A written report would be required within a year, with a joint committee meeting 30 days after that public release.
The city council has tried this twice before and in both cases the work was never completed and no report was released. But if they don't abandon the effort a third time, we may have a report outlining what the city needs to do sometime next summer. What it will no doubt show is that the city needs more officers to respond to 911 calls. Over the past couple years there have been multiple stories of fights and gunshots and police arriving 30 or more minutes later. We're not talking about a few incidents but tens of thousands of them.
The dysfunction in Chicago continues. This week two 22-year-old female tourists were physically attacked and then knocked to the ground by a group of between eight and ten people around 2 am in the Loop. The criminals left after robbing the women of their valuables. It took the police two hours to show up.
On the same night, another downtown tourist was victimized when five men attacked and robbed him of his cash, jewelry, and phone. The police didn’t arrive for at least three hours.

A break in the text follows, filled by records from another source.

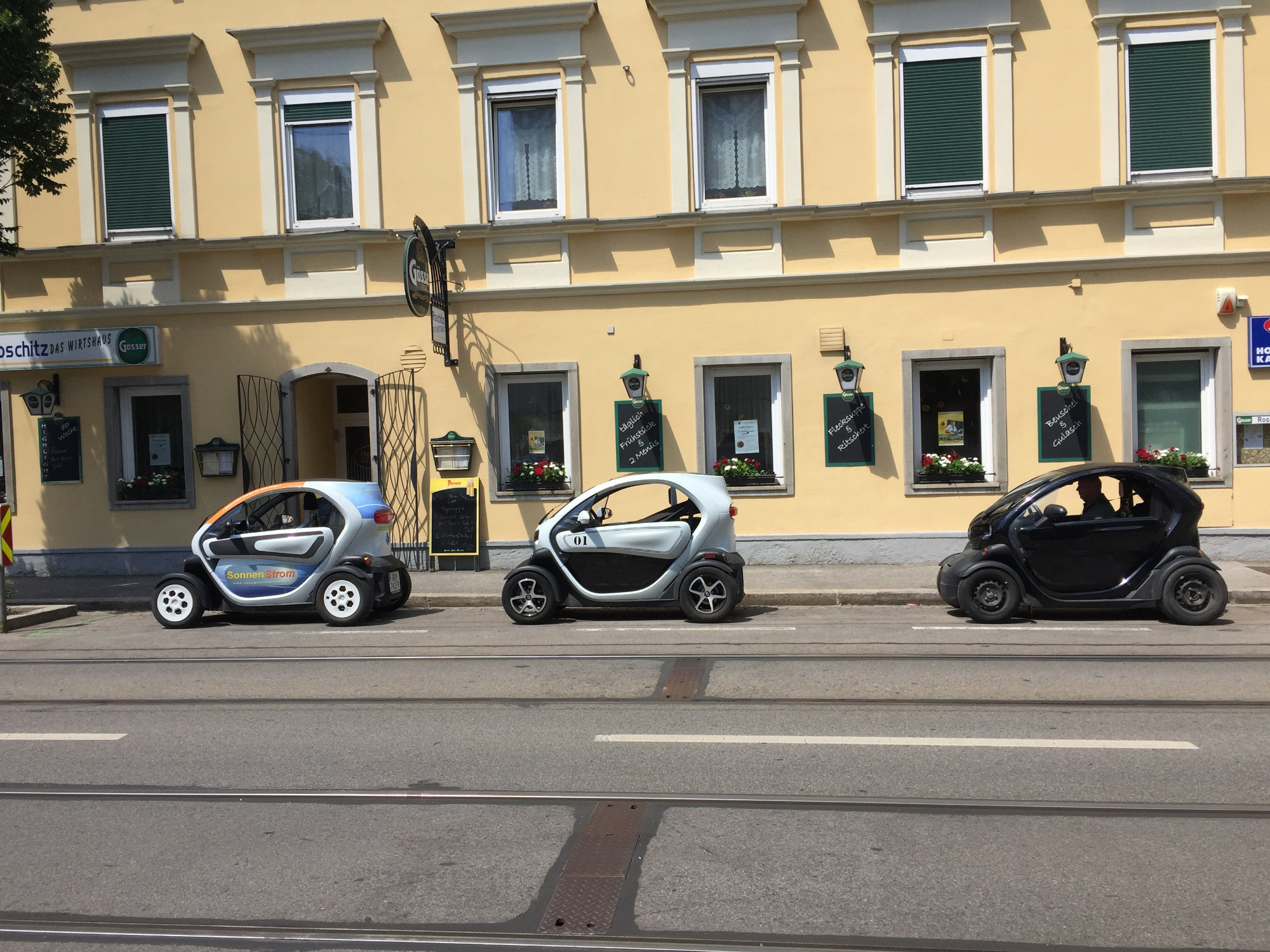 Auch wieder 3 Twizys vor dem Lokal:
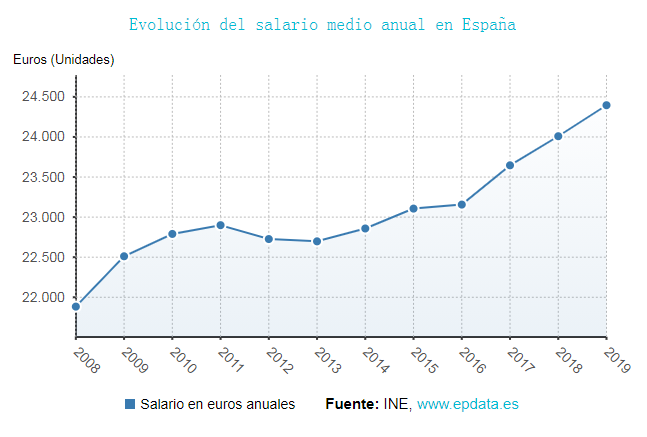 西班牙国家统计局Instituto Nacional de Estadística (INE)2021年6月发布了最新的西班牙薪资结构调查报告。报告显示,2019年西班牙平均年薪为24395欧元,比上年增长了 1,6%,连续六年持续增长,这无疑是经济危机以来最好的数字。其中年薪浮动最大的领域是房地产、教育以及通讯行业,上涨幅度分别为9.8%、9.4%、4.6%。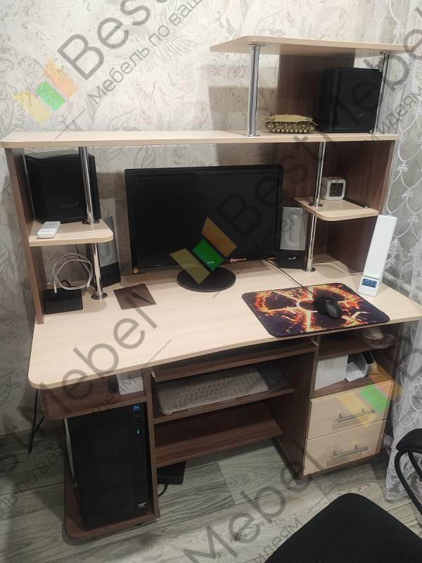 Приобрел данный стол пару месяцев назад. Стол очень понравился. Только полочку вторую снизу можно было бы сделать поуже, чтобы колени не упирались. Так же понравилось что на сайте можно самому конструировать и подбирать что тебе надо. А потом ещё и в 3d посмотреть. Номер заказа 00000919488.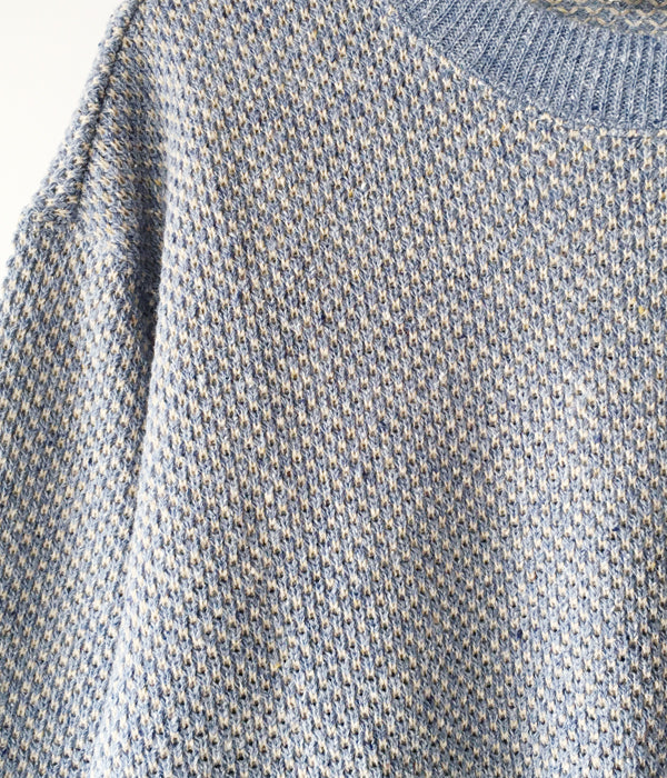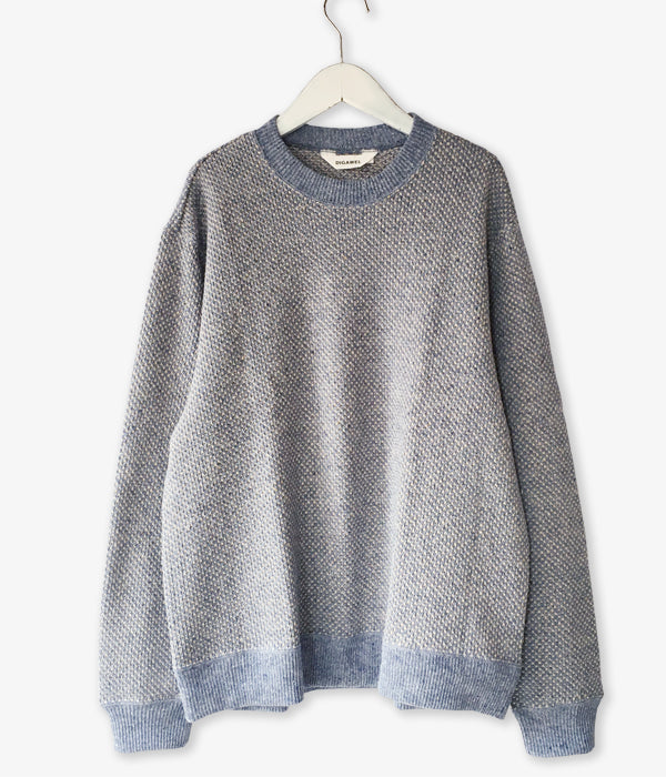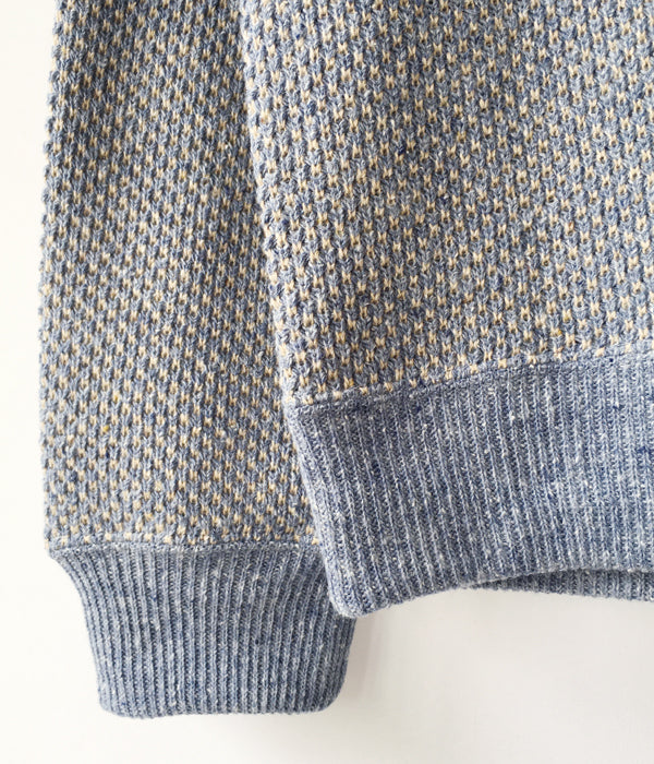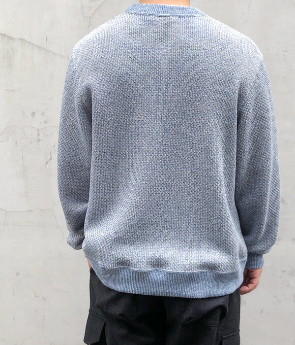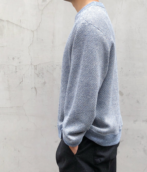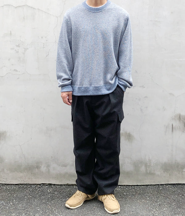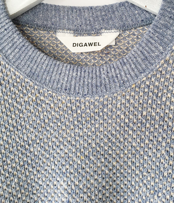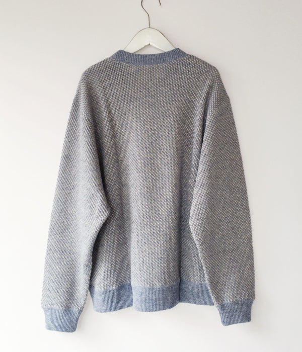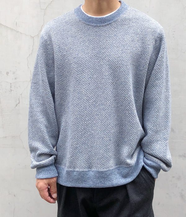DIGAWELから、HEXAGONAL PATTERNS SWEATSHIRTが入荷しました。リサイクル生地によるミックスニット素材を用いてヘキサゴンパターンを表現した淡い色合いのクルーネックニット。リブを設けたスウェットライクな仕上がりです。

These cases are just two of the 225,000 urgent Chicago 911 calls with no police available so far this year. That’s about 52 percent of all priority 911 calls in 2023 and far higher than the 19 percent of priority calls that went unanswered in 2019.

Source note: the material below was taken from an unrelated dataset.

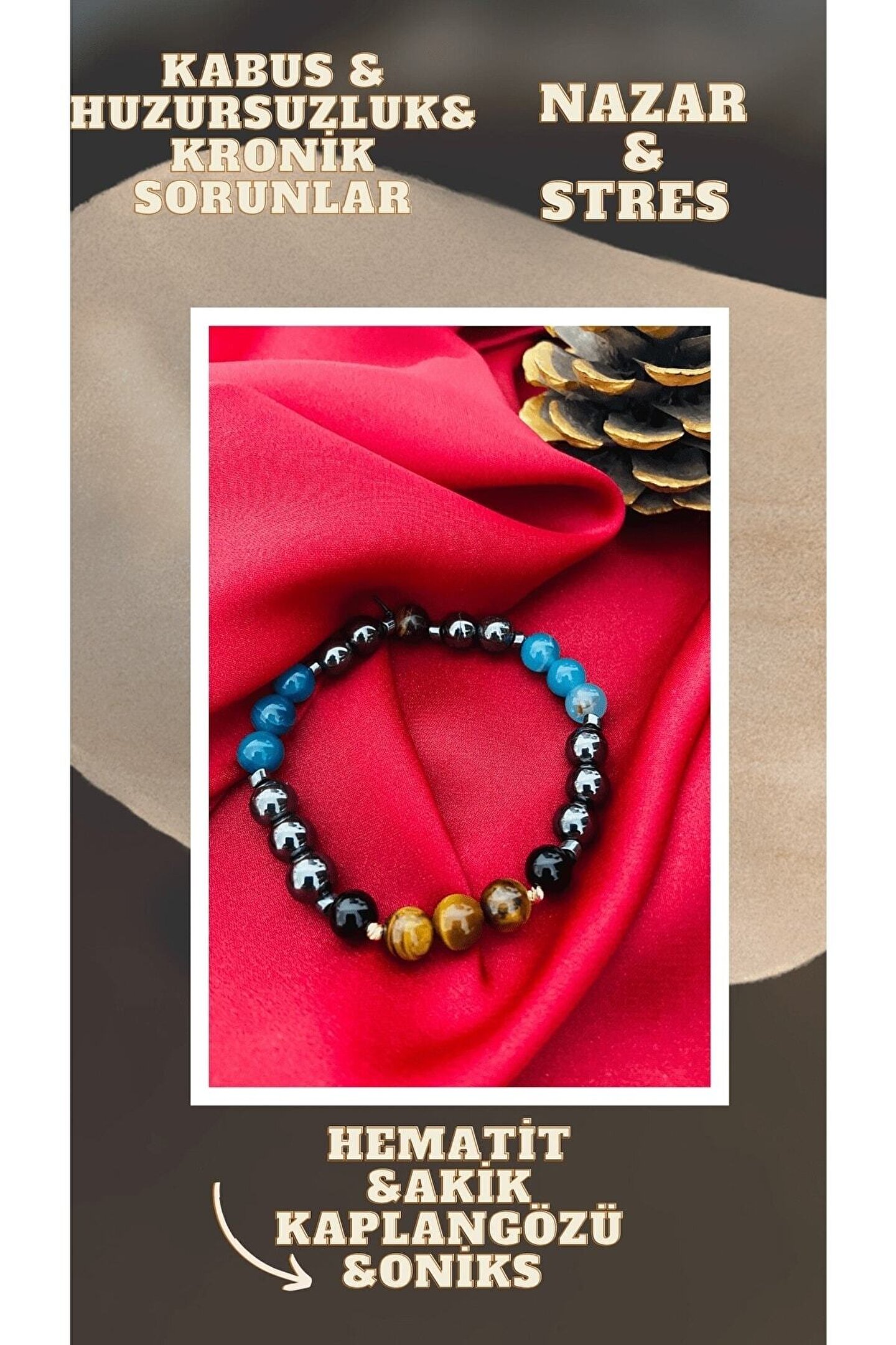 İyi şans Bileklik & Kabus& Huzursuzluk&Kronikleşmiş Sorunlar&Nazar Korunma Hematit Akik Kaplangözü Oniks Taşlarının biraradaki eşsiz keyifli dizilimi kişiye ruhani olarak iyi gelmektedir.; ; Tüm toksisite olmuş enerji ve toksinlerin atılmasına yardımcı olur, nötralize eder, bedeni ve zihni arındırır.; ; · Kalp ve karın kök mide alın sakral çakralarını açar.; ; Kişisel gelişim için en ideal taştır.; ; Sevinç, neşe ve mutluluk gibi duyguların kişiye akmasını yardımcı olur.; ; Enerjinizi arttırır ve yaratıcılığınızı harekete geçirir.; ; Bilgileri kolayca anlamaya ve kavramaya yardımcı olur.; ; Denge ve pozitif düşünceyle birlikte enerji artırma açısından etkili bir taştır.; ; Sosyalleşmeyi veya sosyal ortama uyum sağlamayı özgüven duygusunu kolaylaştırır.; ; beden zihin dengesini sağlayan bir taştır.; ; Kişiye olumlu düşünme iyimserlik duygusu verir.; ; Aşırı kaygılanmaları önler.; ; Olumsuz kalıpları serbest bırakmaya ve aşk ve sevinci hayatınıza davet etmeye yardımcı olur.; ; Sıkça tekrarlayan olumsuz yaşam döngüsünden çıkmayı kolaylaştırır… Esnek misinalı model Topraklı kutuda topraklanarak iletilmektedir Bileklik size gelmeden topraklanarak enerjisini şarj etmektedir.; ; Taşıma esnasında kişilerin enerjisinden etkilenmeden doğrudan size ulaşmış olmaktadır.; ; Doğrudan kullanıma uygundur Kullanma kılavuzu ve sertifikalı olarak iletilmektedir.; ; 22 taş olarak hazırlanmaktadır;

Even if the city gets a recommendation for more staffing that everyone can agree on, it's not a sure thing the city can afford it.
Chicago faces a dire police shortage. (See “Can We Get Back to Tougher Policing?,”) Over half of high-priority 911 calls had no cops available to respond. One important reason is that the city is now allocating almost half of its budget to debt and pensions, leaving ever less for essential services, including public safety. The municipal government is acting more like a conduit channeling money from residents to check-collectors than a protector of its citizens’ rights and liberties...
According to the group Truth in Accounting, Chicago continues to live up to its moniker “Second City” in at least one respect: it has the second-worst debt load of any big city in America—about $43,000 per taxpayer, or almost $40 billion in total...
[Mayor] Johnson admitted that property taxes were “painfully high” and in his campaign said that he wouldn’t raise them, instead vowing to “make the suburbs, airlines & ultra-rich pay their fair share.” He wanted to quadruple the transfer levy on expensive property, what he called a “mansion tax,” and impose a transaction tax on Chicago’s tottering finance industry. Much of Johnson’s tax plan either is impossible under existing law or serves more of a punitive than a fund-raising purpose. Illinois governor J. B. Pritzker, no anti-taxer, already said that he would block the financial transfer tax, and voters soundly rejected Johnson’s mansion tax...
The lion’s share of Chicago’s burden is its pension debt, totaling $34 billion, with another $2 billion for retiree health benefits. That is up from just over $20 billion in 2013. Unlike most other places in the United States, Chicago has barely pretended to fund its four major pension plans; it has assets for only about 25 percent of its pension obligations and nothing set aside for health care. It carries the most pension debt of any American city and more than the vast majority of states...
Both Illinois and Chicago tried to reform their pensions beginning in 2014, but two years later, the state supreme court decreed any reductions in vested pensions unconstitutional. This ruling left Chicago with little room for maneuver and led Moody’s to push Chicago’s debt into junk-bond status.
Moody's eventually reversed course thanks to billions of dollars the city received from Biden's American Rescue Plan. But the underlying problems haven't gone away. There's a lot more in the article but the gist is that Chicago is deeply in debt which leaves it very little room to maneuver when it has a problem like rising crime and an insufficient police force.